Summary Judgment

CDPP v Brady & others [2015] VSC 246

Supreme Court of Victoria

This summary is necessarily incomplete. It is not to be used in any later consideration of the Court’s reasons. The only authoritative pronouncement of the Court’s reasons is that contained in the Court’s published Reasons for Judgment: DPP (Cth) v Brady & others [2015] VSC 246.

19 June 2015

1 These proceedings concern allegations that two subsidiaries of the Reserve Bank of Australia (Note Printing Australia Limited and Securency International Pty Ltd), and some of their former employees or agents, conspired to bribe foreign officials in order to secure banknote printing contracts in several foreign countries.

2 On 19 June 2014, the Department of Foreign Affairs and Trade, acting on behalf of the Commonwealth of Australia, obtained a limited suppression order in relation to a small portion of the evidence that may be led at some future trial in these proceedings. The DFAT order was structured in such a way that some of the terms of the order could not be published without disclosing the suppressed information.

3 The Australian news media were informed of the DFAT application one week before it was heard, and did not attend the hearing to oppose the making of the suppression order.

4 A copy of the DFAT order was provided to the news media, on the same day that it was made. No news media organisation sought to exercise their statutory right to challenge the DFAT order, once they received a copy of it.

5 On 29 July 2014, WikiLeaks published a copy of the DFAT order, together with a sensational and inaccurate press release about the alleged nature and effect of the DFAT order. The WikiLeaks publication involved a clear and deliberate breach of the law.

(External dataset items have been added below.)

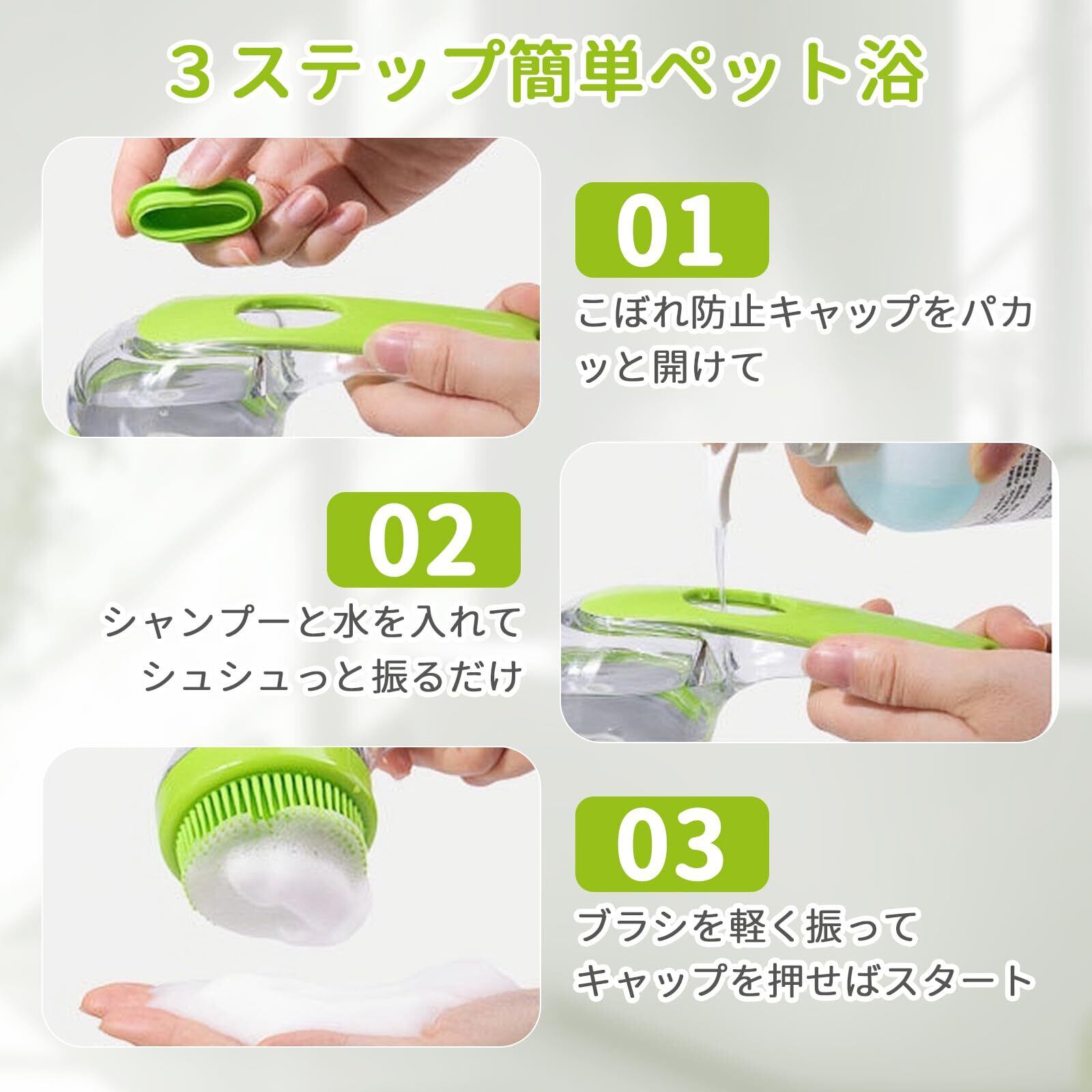 【時短3ステップ操作】防滴キャップを押し開け、シャンプーと水を入れて軽く振るだけです。ボタンを押すだけで最適な量のシャンプーが出てきて、簡単に泡立ちます。シャンプーを入れるという面倒な手順がなくなるので、活動的な愛犬でも簡単に入浴できます。
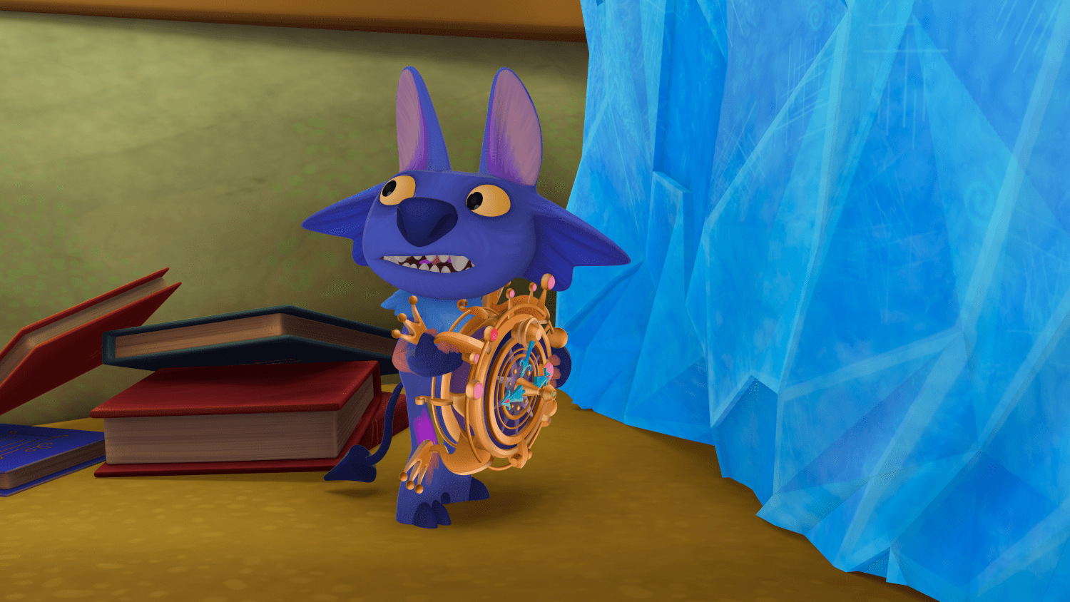 Дверь в аудиторию распахнулась, и внутрь вбежал гремлин с Волшебным Компасом в руках. Он бегал между партами и запрыгивал на столешницы. За ним в аудиторию влетел профессор Звездочёт.
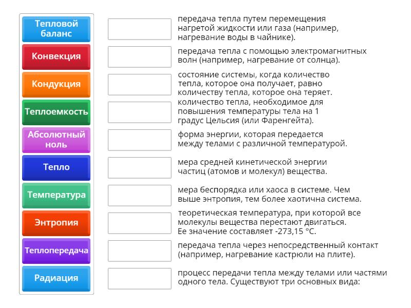 Тепло - форма энергии, которая передается между телами с различной температурой., Температура - мера средней кинетической энергии частиц (атомов и молекул) вещества., Теплоемкость - количество тепла, необходимое для повышения температуры тела на 1 градус Цельсия (или Фаренгейта)., Энтропия - мера беспорядка или хаоса в системе. Чем выше энтропия, тем более хаотична система., Теплопередача - процесс передачи тепла между телами или частями одного тела. Существуют три основных вида:, Кондукция - передача тепла через непосредственный контакт (например, нагревание кастрюли на плите)., Конвекция - передача тепла путем перемещения нагретой жидкости или газа (например, нагревание воды в чайнике)., Радиация - передача тепла с помощью электромагнитных волн (например, нагревание от солнца)., Тепловой баланс - состояние системы, когда количество тепла, которое она получает, равно количеству тепла, которое она теряет., Абсолютный ноль - теоретическая температура, при которой все молекулы вещества перестают двигаться. Ее значение составляет -273,15 °C.,
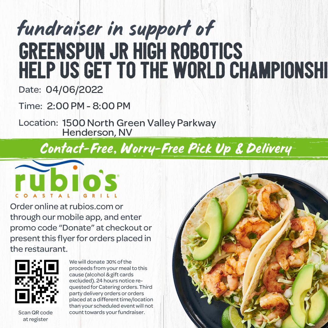 Rubios Fundraising Event for GJHS Robotics: Thank you all for your fundraising support to help us to be able to send our qualifying robotics teams to the World Championships in Dallas, TX! The robotics teams will continue selling Boba tea in the cafeteria on Fridays during all lunches, and we will be hosting a fundraising event at Rubio’s at 1500 N. Green Valley Pkwy on Wednesday, April 6 from 2pm - 8pm. Come and enjoy a delicious Rubios dinner, and 30% of the proceeds will be donated to the Greenspun robotics team!
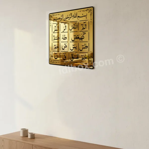 Elevate your living space with the profound spiritual beauty of our Complete Huroof-e-Muqattaat (Loh-e-Qurani) Wall Art. This exquisite piece features the mysterious “disconnected letters” of the Holy Quran, meticulously crafted to serve as both a source of blessings and a sophisticated focal point for your home.
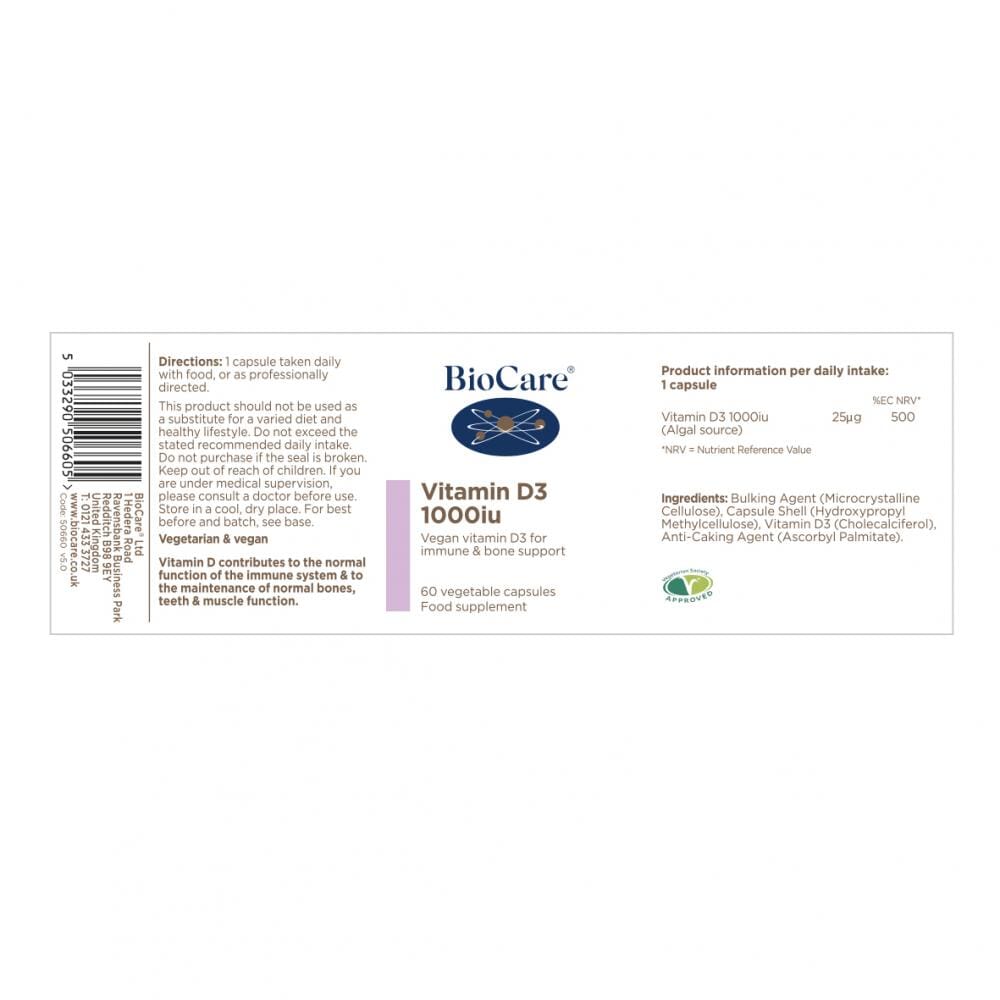 High potency vegan vitamin D3, providing 1000iu vitamin D per capsule for immune and bone support.
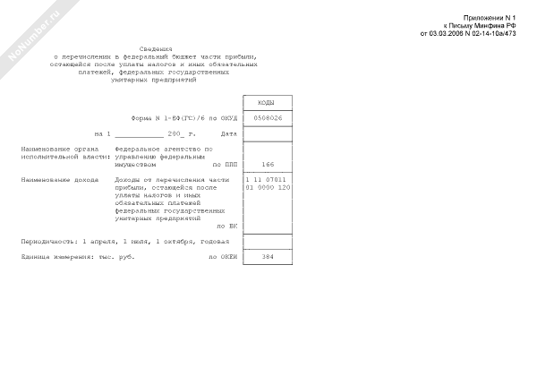 - 1046Сведения о перечислении в федеральный бюджет части прибыли, остающейся после уплаты налогов и иных обязательных платежей, федеральных государственных унитарных предприятий. Форма № 1-БФ(ГС)/6
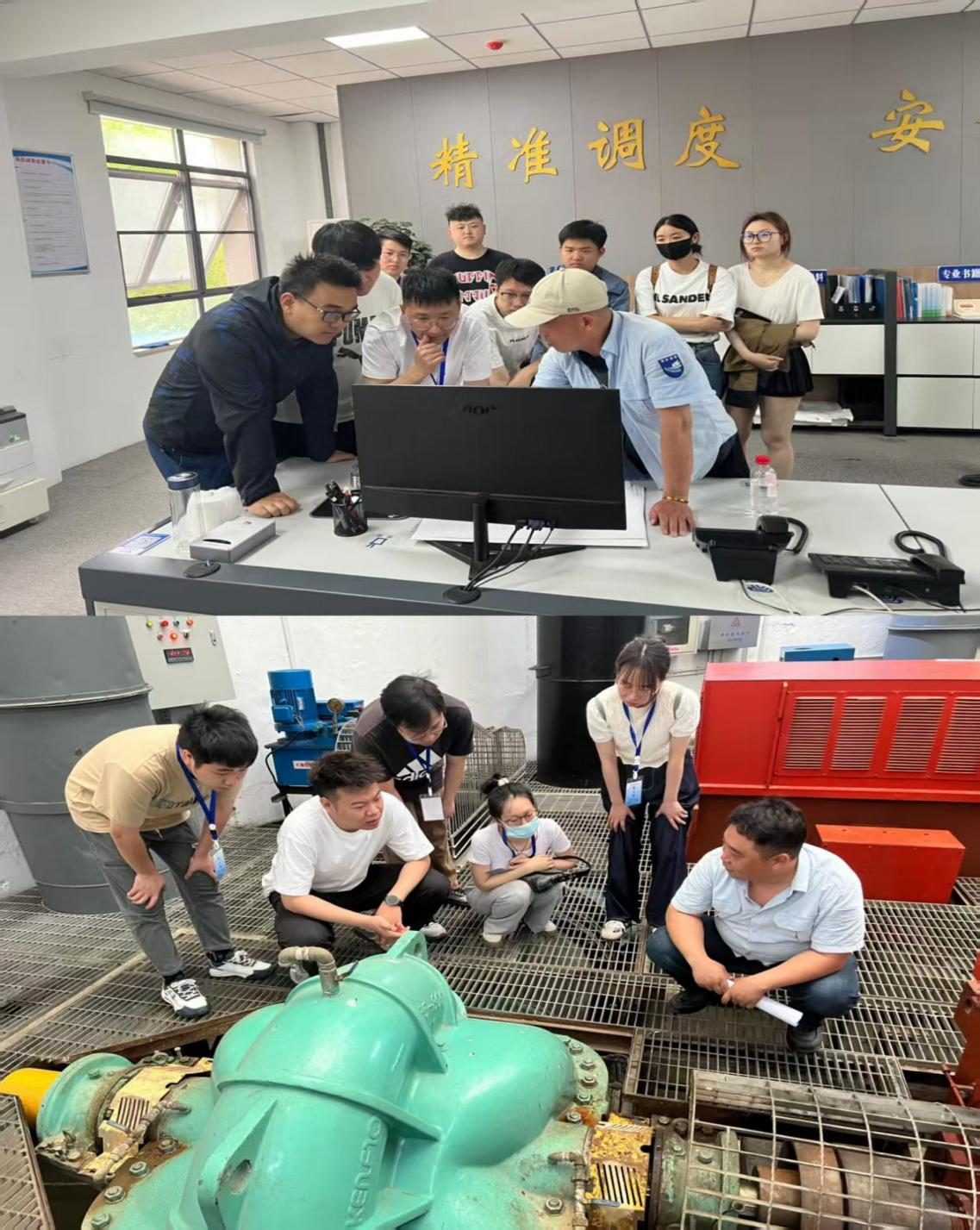 圖為新員工學習巡視關(guān)鍵要點、監(jiān)測設(shè)備操作及水質(zhì)生產(chǎn)流程情況
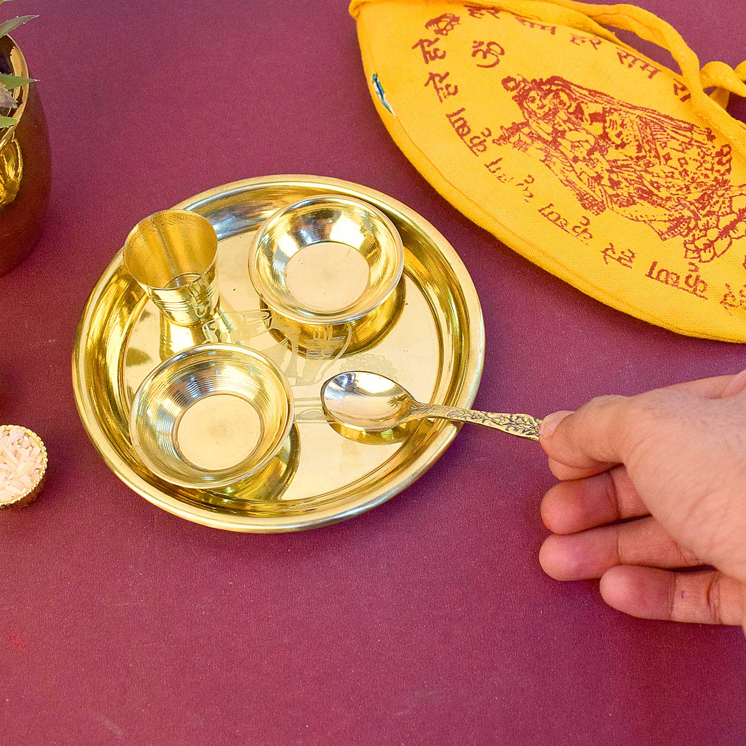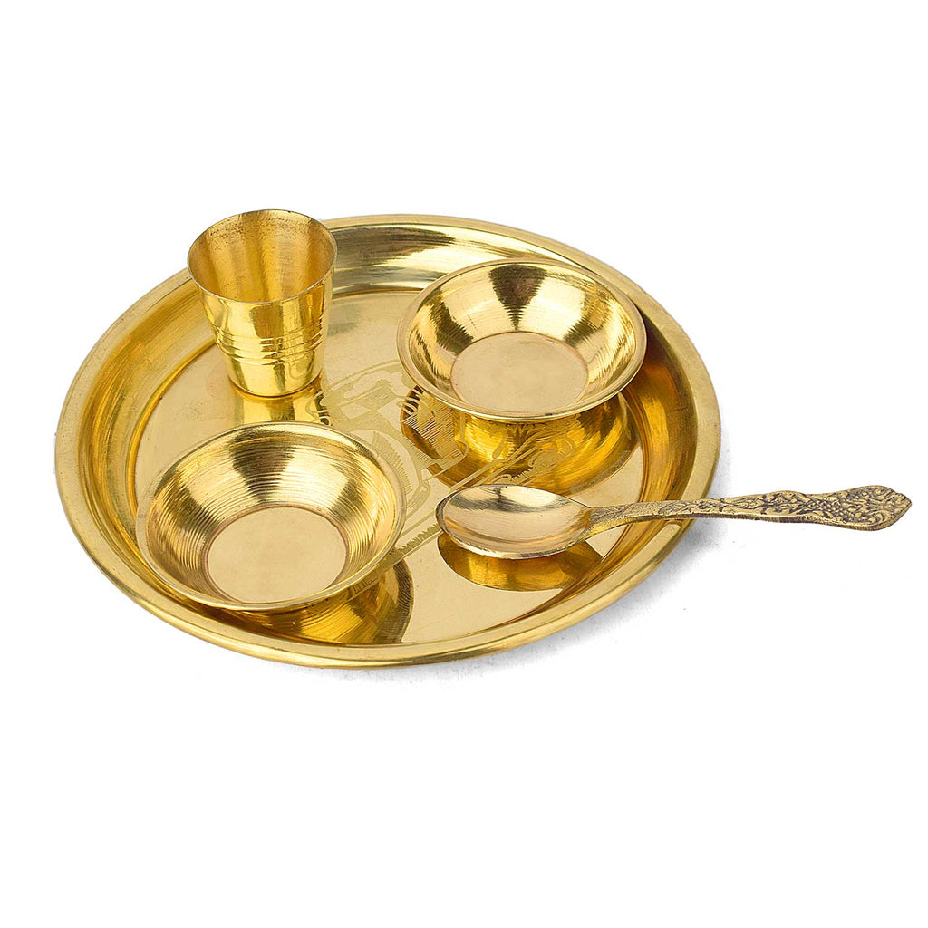 • Material: The Brass Puja Thali is made from High-Quality Brass Material
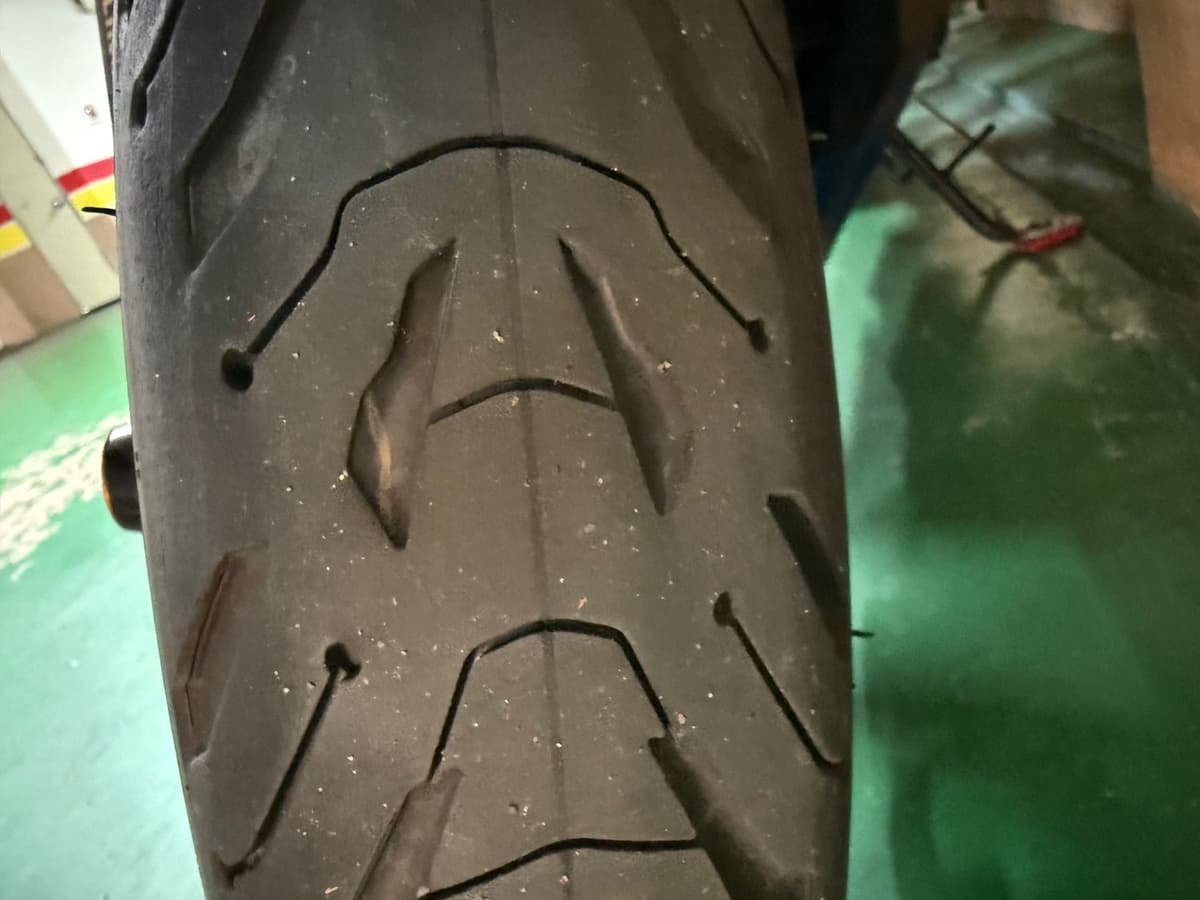 앞뒤타이어 미쉐린 로드6이고요 앞에는 60프로 이상 남았고 뒤에는 타이어 교환후 1000키로 주행 했습니다. 새 타이어라고 보셔도 무방 합니다
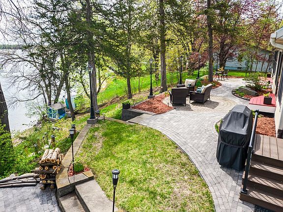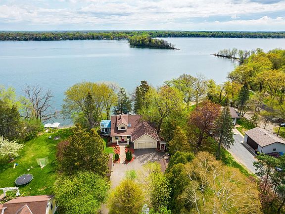 Expanded and remodeled home keeps the charm of the 1920’s with today’s comfort. Large amount of main floor living including 18 x 14 sunroom with fireplace, large living room with vintage fireplace, big primary bedroom with huge closet/private bath and family room with lots of windows facing the lake. Also outside there is a 60 x 20 paved patio overlooking the lake with a fire pit to enjoy the lake view. Upstairs includes two bedrooms and a bath plus loft area to watch TV. Lower level refinished laundry area includes washer and dryer. The attached 24 x 24 garage has plenty of cupboard space with sink. The detached 24 x 28 garage/shop is heated and comes with a work bench and tool chest. Other features include 2 year old roof, water filtration system, Wi Fi TV stereo, Midco wired Samsung home cinema smart TV. Good internet speed. A long driveway with lights off the dead end road separates the home from traffic noise. The lake access in newer with concrete steps/rope hand rail.
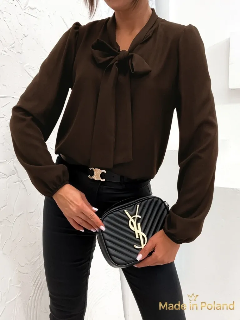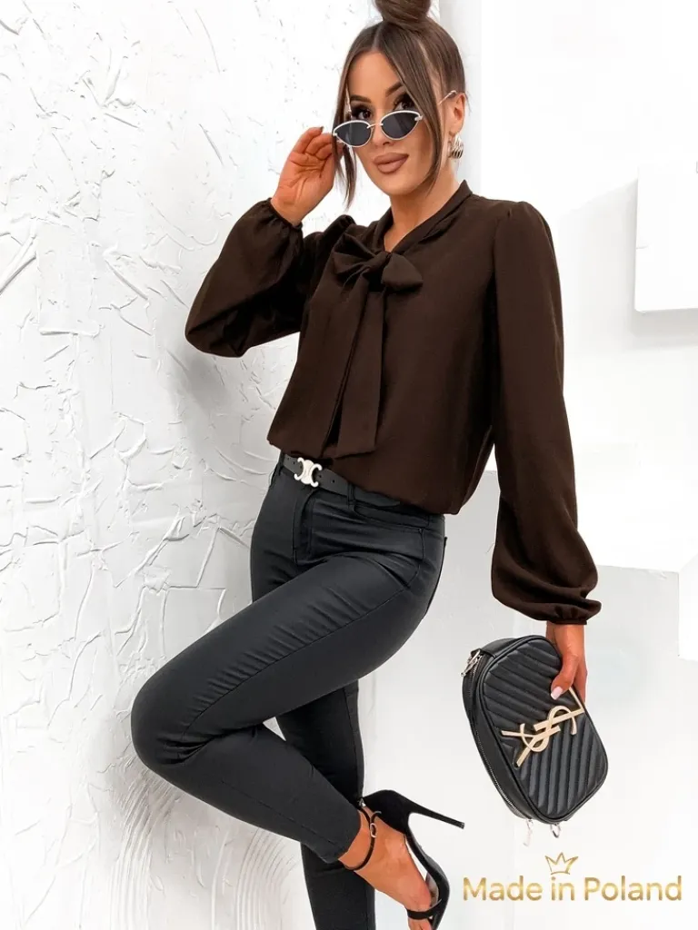 - Elegancka bluzka z subtelnie wiązaną kokardą przy dekolcie podkreśla kobiecą delikatność. Miękki materiał otula sylwetkę, a kokarda dodaje wyrafinowanego akcentu. Idealna na wieczorne wyjścia i specjalne okazje!

6 After the WikiLeaks publication, many media organisations and individuals republished the DFAT order, or directly or indirectly disclosed its contents.

7 Subsequently, three news media organisations applied to have the DFAT order revoked, in light of the events that have occurred since the WikiLeaks publication.

8 For the reasons set out in the attached reasons for decision, Hollingworth J has determined that the DFAT order should now be revoked.

9 Of particular concern to her Honour was the fact that the widespread on-line dissemination that has already occurred overseas cannot now be undone. Whilst the court has

DPP (Cth) v Brady & others [2015] VSC 246 1 SUMMARY power to make orders which have effect within Australia (including orders requiring the removal of material already published in this country), it cannot make orders controlling publication of the DFAT order outside Australia. Unlike the case with most suppression orders, it is the publication overseas that has the capacity to cause the greatest harm in this particular case.

10 On 19 June 2015, her Honour published formal orders revoking the DFAT order. DFAT has informed the court that it wishes to consider whether to appeal against those orders. Accordingly, in order to preserve the status quo in the meantime, her Honour has granted a temporary stay on her orders until 14 July 2015. This means that the original DFAT order of 19 June 2014 remains in place until that date (or further order).